The doors behind me opened. I turned around, snapping to attention. The moment had come. Frank Currol and his herd of police bodyguards finally were about to leave the building. The assassin was nowhere close to us, but I reached out into the night air, my senses stretched and on high alert.

Not high enough. I saw the bodyguard closest to Frank Currol fall milliseconds before I heard it. The gun-shot echoed fully through the night, bouncing off the walls behind us.

All hell broke loose. Shouting and panicked movement jerked the night around me into action. Sometimes you don’t think. You move. I flung myself in front of the group of bodyguards surrounding the mayor. I pulled on my magic. Vibrant and alive, a protective wall of air shot to the sky – up and around all of them. My eyes scanned the opposite building for the sniper. Dammit, the whole area had been cleared and secured to the nines, and the vamp assassin was still somewhere outside, so who the hell was shooting?

Harsh barks of an imperative nature struck through the air. Feet moving with adrenaline-tinged staccato rhythm. Someone kept pushing me forward, closer to the car. The team of bodyguards had accepted my intervention without protest, their guns already out, while others were ushering the dumbfounded politician to the car. I moved with them synchronously.

Flanked by bodyguards, the mayor reached the car, a luxurious Mercedes Benz. I ended up squeezed between one bodyguard and the mayor himself. The confusion was absolute. No one knew what was going on, and I had no idea what happened to the bodyguard that was shot. They couldn’t have left him there, right?

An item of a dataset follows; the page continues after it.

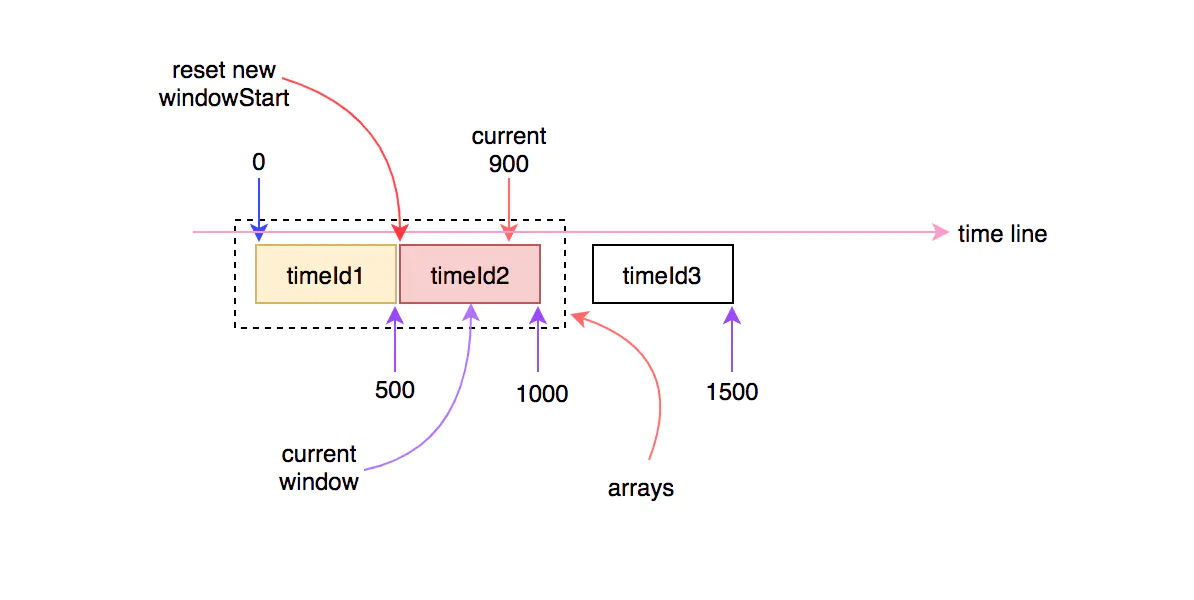 时间继续往前走,当超过500ms时,时间窗口就会向前滑动到下一个,这时就会更新当前窗口的开始时间:
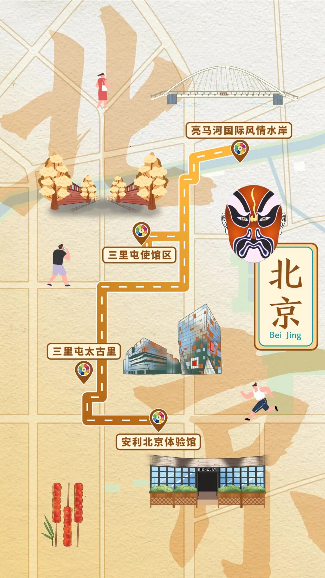 顺序:亮马河国际风情水岸→三里屯使馆区→三里屯太古里→安利北京体验馆

The car set into motion, burning rubber. The team of bodyguards was already in contact with Brown and the other forces, their voices agitated and loud. I looked out of the window, scanning the outside. We passed empty streets, the buildings and pavements a blur in my vision.

We were not more than four blocks from the building, when Frank Currol’s alarmed voice broke through the tensioned silence.

“David, what are you doing?”

My eyes followed his and I found myself staring at the front seat. The chauffeur had turned around, a gun in his hand. Crap.

That place deep inside of me flared an angry red as my magic pulsated and grew. Air manifested and cleared in front of us in the same moment the chauffeur shot. That was when the car began accelerating and we were rocked to the side violently. My concentration wavered, and the walls of air dissolved for a moment. The chauffeur raised his gun again. One of the bodyguards slapped it out of the driver’s hand, before knocking him out cold with one punch. The car accelerated and jerked to the side. The unconscious chauffeur’s foot was still on the gas pedal. The vehicle was about to veer off the street! My mind was hit with a road-train of adrenaline, thoughts shattering into a stirred up hornet’s nest of confusion and blurry impressions.

I don’t think I had a choice about this. I don’t think it was a conscious decision. I simply did it. I used advanced magic.

I went back into that place again, deep down there where layer up on layer of power and magic nestled. I dug my hand into it and felt the power surge. The air came willingly and freely, powerful and beautiful. An outer shield of protection snapped up, walls of air enfolding the car in cushioning safety. My mind envisioned the knitted particles of air, stabilizing the car with the action, steering it back onto the road. Finally I let the car come to a standstill at the side of the road.

Short moments of silence passed, the air in the car heavy with equal parts of wonder and mistrust. No one questioned what I did. No one even seemed to look at me. I stifled the urge to scowl. To them I was part of the freak show. I was tolerated as long as I helped them.